In July 2022, the World Health Organization declared the multiregional outbreak of Mpox (formerly monkeypox) a public health emergency of international concern.1,2 Mpox is a disease caused by the monkeypox virus that can cause symptoms similar to smallpox, such as rash, fever and headaches. Aside from potential scar marks and skin discolouration, most patients typically fully recover. However, some people can develop complications and become very sick.1,3 

Currently, there are no specific treatments for Mpox. What is done is a management of the symptoms, such as taking care of the rash, managing pain and preventing complications.1,3 

Therefore, prevention measures are important to help stop an outbreak. Mpox can be prevented by avoiding physical contact with someone with the disease and, for people at risk, vaccines can help prevent the infection.1,3 

Understanding monkeypox

Definition and transmission

Mpox, formerly called monkeypox, is caused by the monkeypox virus, a type of virus belonging to the same family as the ones that cause smallpox and cowpox. This disease is considered a zoonosis disease- an infectious disease that has been transmitted from non-human animals to humans. For example, mice, rats, squirrels, monkeys, primates, hedgehogs, and pigs can be infected with the virus, particularly in African regions.1,3 

The transmission of Mpox can occur from animals to humans, but the current epidemic is primarily due to human-to-human transmission.
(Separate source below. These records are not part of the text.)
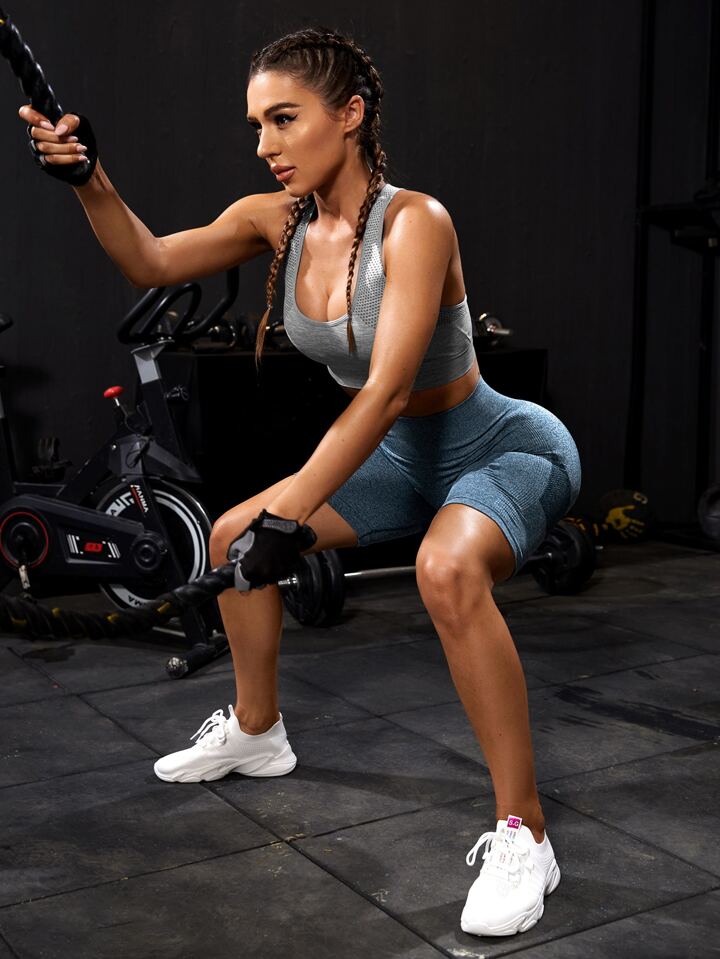 2 pezzi Completo fitness da palestra senza cuciture in maglia marled Reggiseno incrociato & Pantaloncini da motociclista con cintura larga
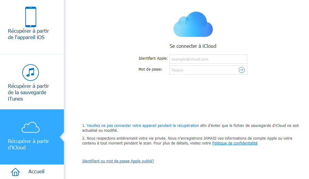 Étape 1. Télécharger et installer FoneLab sur l'ordinateur. Sélectionnez Récupérer à partir d'iCloud sur la gauche. Connectez-vous à votre identifiant Apple.
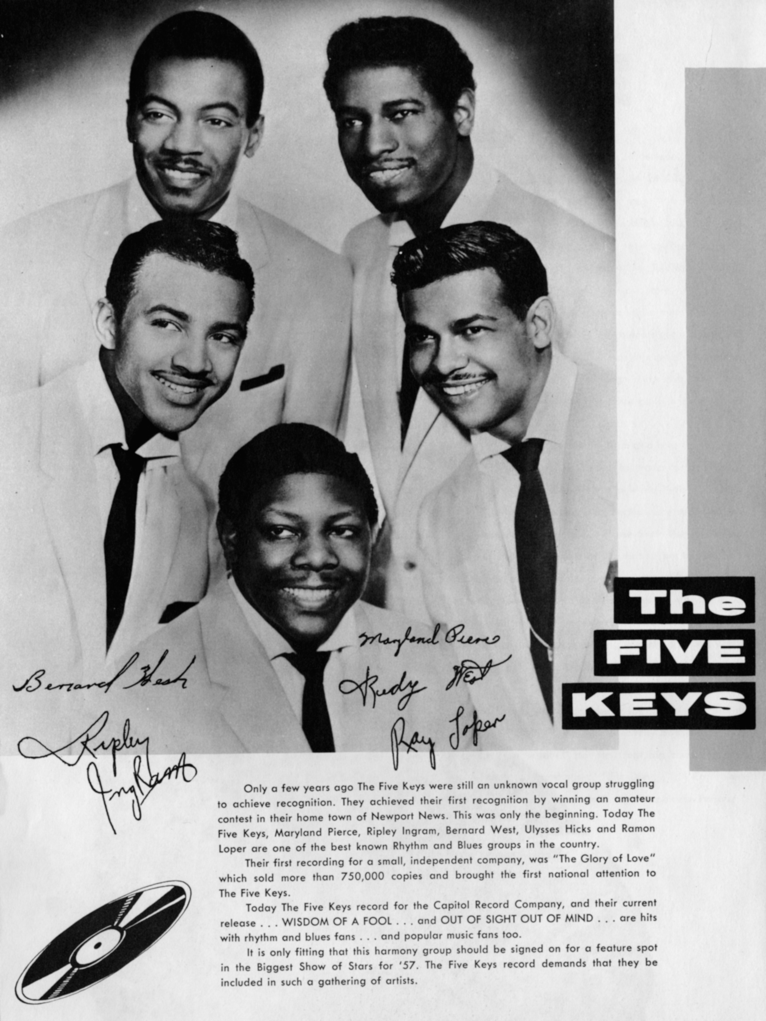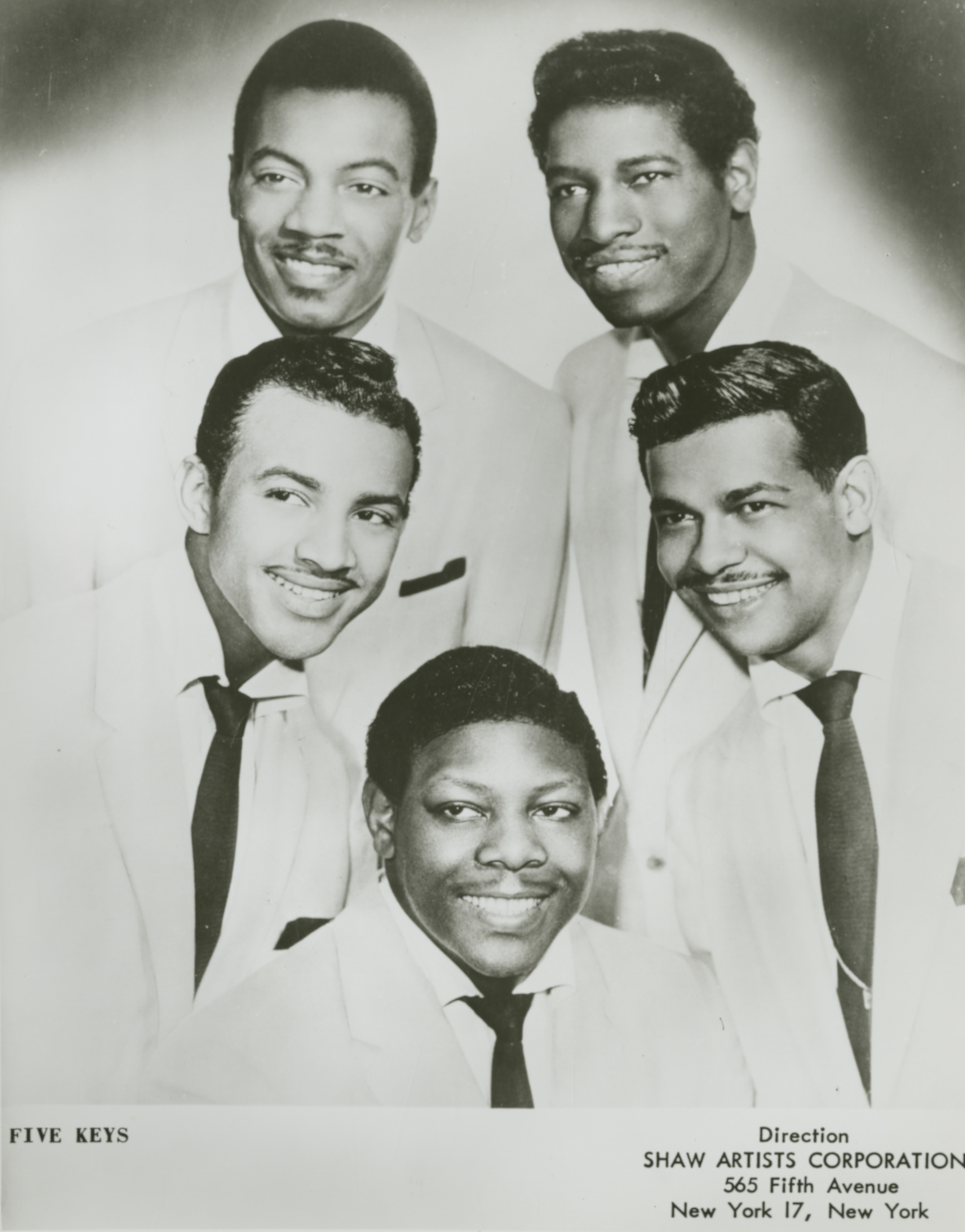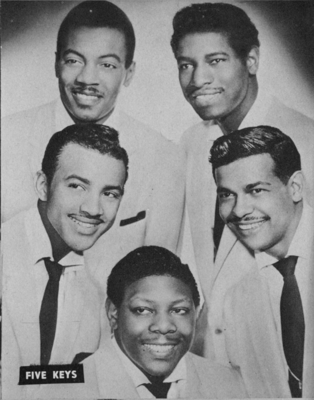 ![]() Photo of the vocal group The Five Keys. Image by Aladdin Records, via Wikimedia Commons. Licensed Public domain |

The transmission can occur through1,3 

Animals to humansHuman-to-human transmission
Bites or scratches, 
Hunting, 
Skinning, 
Trapping, 
Playing with carcasses, 
Cooking, 
Eating animals. 
Respiratory droplets, 
Contaminated surfaces,
Bodily fluids such as urine, saliva, semen, and faeces,
Direct contact with patients' lesions, in the mouth or on genitals.
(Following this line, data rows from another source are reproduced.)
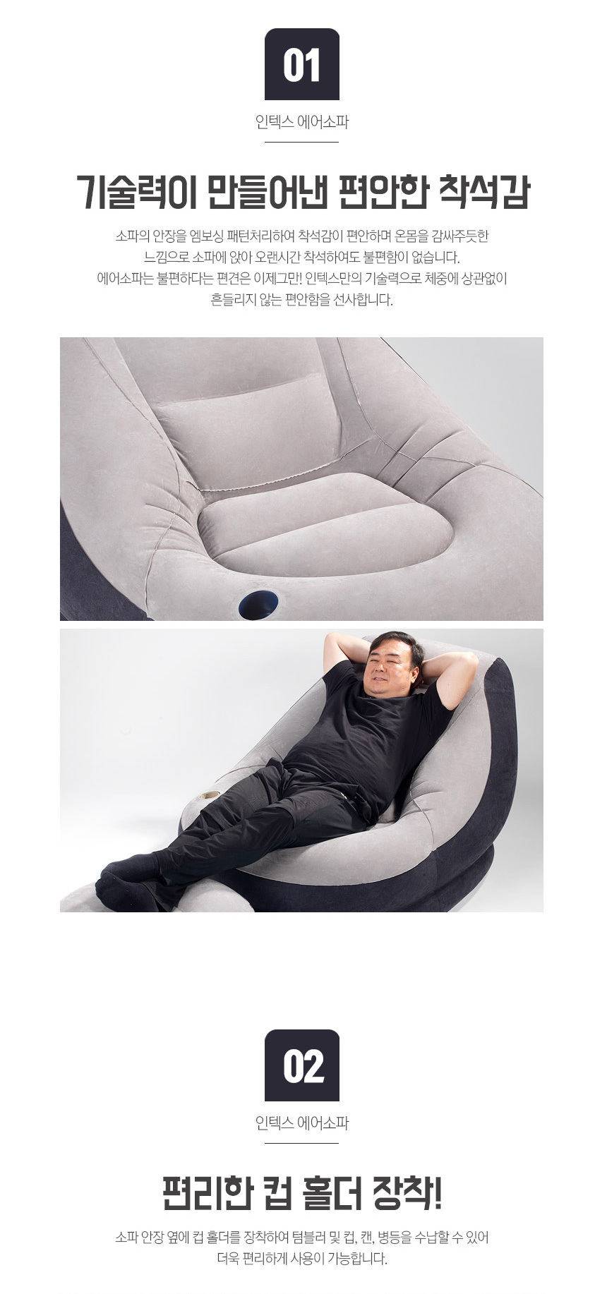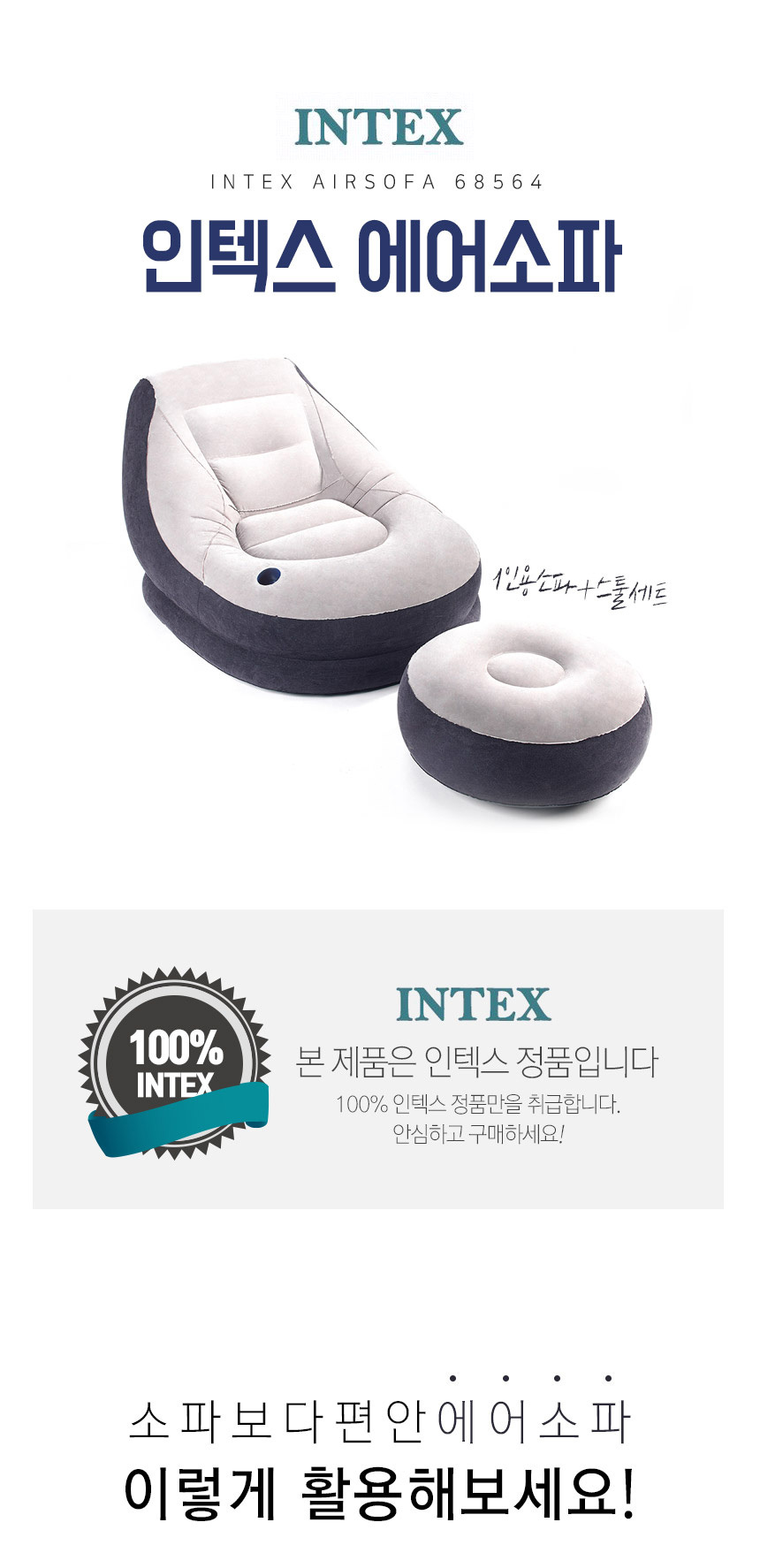 인텍스 에어소파+스툴세트 INTEX 에어매트 캠핑의자 이미지/
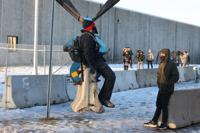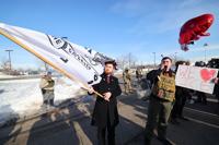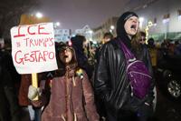 On Friday, protesters were outside a federal facility serving as a hub for the immigration crackdown that began Tuesday in Minneapolis and St. Paul. That evening, hundreds protested and marched outside two hotels in downtown Minneapolis where immigration enforcement agents were supposed to be staying. Some people were seen breaking or spray painting windows and state law enforcement officers wearing helmets and holding batons ordered the remaining group of fewer than 100 people to leave late Friday.
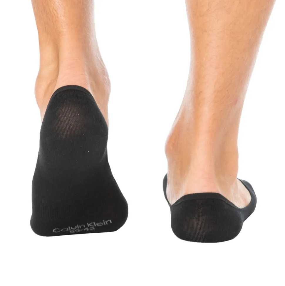 Lot de 3 paires de chaussettes invisibles en coton peigné doux et confortable. Coupe ne couvrant que partiellement le dessus du pied. Logo CK sur le pied. Talon antidérapant grâce aux fines bandes de silicone. 2 tailles : 39/42 et 43/46.
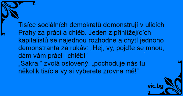 Tisíce sociálních demokratů demonstrují v ulicích Prahy za práci a chléb. Jeden z přihlížejících kapitalistů se najednou rozhodne a chytí jednoho demonstranta za rukáv: „Hej, vy, pojďte se mnou, dám vám práci i chléb!”
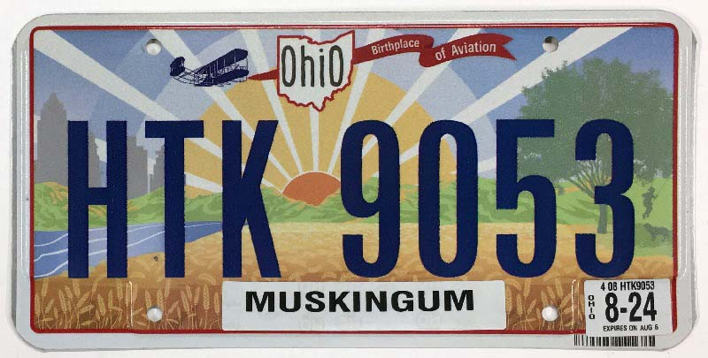 Click the button below to add the Ohio 2024 "Bi-Plane Sunrise" Muskingum County License Plate - HTK9053 to your wish list.
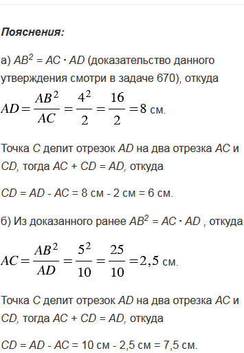 Через точку А проведены касательная АВ (В - точка касания) и секущая, которая пересекает окружность в точках С и D. Найдите СD, если: а) АВ = 4 см, АС = 2 см; б) АВ = 5 см, АD = 10 см.
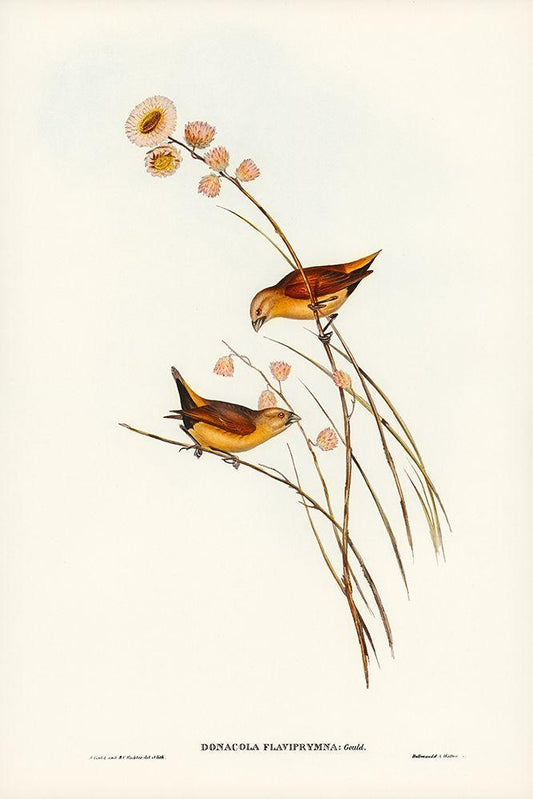 Yellow-rumped Finch-Donacola flaviprymna White Modern Wood Framed Art Print with Double Matting by Gould, John

Signs, symptoms and complications

Mpox symptoms typically manifest within one to three weeks after infection, lasting two to four weeks, and varying according to individual immune system strength. Mpox resembles smallpox and common symptoms include:1,2,3 

  • Fever
  • Sore throat
  • Headache, muscle aches, and back pain
  • Low energy
  • Swollen lymph nodes
  • Rash

The rash, a characteristic symptom that can appear anywhere on the body, progresses from flat sores to fluid-filled blisters, becoming itchy and painful before crusting over and falling off. Some people may have one or a few skin lesions, while others may have hundreds. When all sores heal and a new layer of skin forms, the person is not considered infectious anymore.1,2,3  

Although most people fully recover, children, pregnant and people with weak immune systems are at risk for complications from Mpox, such as:1,2,3 

  • Pneumonia
  • Corneal infection with loss of vision
  • Pain or difficulty swallowing
  • Vomiting and diarrhoea, causing severe dehydration or malnutrition
  • The skin can become infected and cause serious skin damage
  • Inflammatory response in the brain, heart and other organs
  • Death

Diagnosis

Because mpox has similarities to other infections, identifying this disease can be difficult. Therefore, testing is very important for accurate diagnosis. The preferred method for detecting Mpox DNA is the Polymerase chain reaction (PCR), which is done with samples taken from skin lesions or other sites if lesions are absent. Blood tests may be useful in some cases, but they have limitations because they do not distinguish between viruses that are related to Mpox.1,2,3 

Treatment

Currently, there is no specific medication to treat Mpox. The treatment focuses on managing symptoms, preventing complications, and supporting the patient through the disease. Those measures include pain management, ensuring the patient stays hydrated and well-fed, treating secondary bacterial infections, and protecting vulnerable areas like the eyes and genitals. While there are no specific medications for Mpox, antivirals approved for smallpox may be effective for specific cases.1,2,3 

Preventing Mpox

If you have Mpox, some measures can be taken to help symptoms and prevent infecting others, such as:1,4

  • Stay home and isolate
  • Wear masks around others
  • Cover lesions until they heal naturally
  • Wash hands frequently
  • Avoid touching shared items

It's important not to pop blisters or scratch sores, and don’t shave areas with sores until they heal to prevent spreading the rash.1

If you don’t have Mpox, you can protect yourself by:1,4

  • Avoiding close contact with infected individuals (don’t kiss, hug, or have sex with them)
  • Avoiding direct skin-to-skin contact with people displaying rash-like symptoms
  • Practising good hygiene and washing your hands often
  • Avoiding sharing personal items

Getting vaccinated can also help prevent infection.1 Check what are the vaccine’s efficacy and recommendations for Mpox below.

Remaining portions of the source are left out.